Временные планы воспоминаний и рассказывания, равно как рефлексии по поводу рассказывания или происходящего сейчас, данной в скобках - «(вот ползет облако с серой кромкой)», «(а теперь пролетел голубь и, если не ошибаюсь, воробей)» (с. 112-113) - иногда трудно различимы. Но в финале эти два плана совпадают, а настоящее дается уже без скобок.
Таким образом, тайна преступления раскрывается, и жертва спасается не рационально действующим правосудием, а творческой волей героя-автора, в новелле же возникает двойной сюжет.
В современной русской литературе сходные черты присутствуют в замечательном романе Леонида Гиршовича «Обмененные головы». Его начало никоим образом не предвещает загадки преступления, а герой ро-
мана - Иосиф Готлиб, скрипач и писатель, страдающий в эмиграции от своей нереализованности, - меньше всего похож на героя-детектива, способного проводить расследование с риском для жизни.
Все меняется с того момента, как после ухода жены, герой романа пытается покончить с собой, застрелившись из УЗИ. Чудом он выживает (ему крикнули под руку), но шрам на лбу остается.
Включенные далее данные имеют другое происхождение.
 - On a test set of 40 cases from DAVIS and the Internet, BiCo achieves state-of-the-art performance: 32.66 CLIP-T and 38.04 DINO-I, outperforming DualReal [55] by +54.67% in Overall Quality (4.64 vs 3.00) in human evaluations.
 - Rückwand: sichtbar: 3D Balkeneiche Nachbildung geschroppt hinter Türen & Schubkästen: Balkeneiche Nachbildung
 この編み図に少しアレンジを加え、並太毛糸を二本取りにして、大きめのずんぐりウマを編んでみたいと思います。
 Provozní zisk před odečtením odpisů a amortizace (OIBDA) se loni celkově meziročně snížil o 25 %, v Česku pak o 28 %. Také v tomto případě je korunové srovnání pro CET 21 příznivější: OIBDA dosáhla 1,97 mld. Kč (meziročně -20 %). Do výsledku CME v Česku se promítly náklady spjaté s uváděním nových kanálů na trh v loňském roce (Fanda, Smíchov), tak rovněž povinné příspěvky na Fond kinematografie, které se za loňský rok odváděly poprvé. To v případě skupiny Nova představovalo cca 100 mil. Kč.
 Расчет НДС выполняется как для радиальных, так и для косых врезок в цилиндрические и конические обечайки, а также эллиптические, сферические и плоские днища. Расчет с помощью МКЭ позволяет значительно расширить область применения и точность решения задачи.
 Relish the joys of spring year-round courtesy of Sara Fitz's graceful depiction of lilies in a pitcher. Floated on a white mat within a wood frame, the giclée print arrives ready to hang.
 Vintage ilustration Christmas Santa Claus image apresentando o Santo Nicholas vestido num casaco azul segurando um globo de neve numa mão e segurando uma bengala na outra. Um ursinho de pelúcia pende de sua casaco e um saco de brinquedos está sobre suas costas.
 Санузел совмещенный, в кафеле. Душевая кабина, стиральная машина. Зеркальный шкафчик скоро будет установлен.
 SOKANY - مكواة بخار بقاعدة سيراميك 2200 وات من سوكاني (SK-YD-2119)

После этого все, что происходит с ним, все встречи, до самого финала романа герой воспринимает как неслучайные, как осуществление некой, не всегда понятной ему закономерности.
Он узнает, что гибель деда в 41 году под Харьковом, казавшаяся такой очевидной (ведь образ-символ, многократно упоминаемая фотография его деда со скрипкой под дулом немецкого автоматчика - не только свидетельство общей трагической судьбы народа, но и доказательство неизбежной гибели частного лица) - мнима. Более того, что еще невероятнее, спасшийся дед во время войны играл в немецком симфоническом оркестре, о чем говорит его автограф на партитуре, сохранившейся в Германии. Иосиф начинает расследование, рефлексируя, иронизируя, сравнивая себя и с Пуаро, и с лейтенантом Коломбо. Расследование то продвигается, то останавливается, в зависимости от настроения героя или обстоятельств.
С одной стороны, герой открывает такие вещи, которые никому не приходили в голову. Самое главное - что гибель Кунце была не самоубийством, как все полагали и о чем, казалось бы, свидетельствовали рассказы современников, а убийством. С другой, парадоксальным образом постоянно оказывается, что он и не догадывался о каких-то вещах, о которых знают все, например, что Кунце был женат на его бабке, бросившей ради композитора первого мужа и дочерей (деда героя, его мать и тетку).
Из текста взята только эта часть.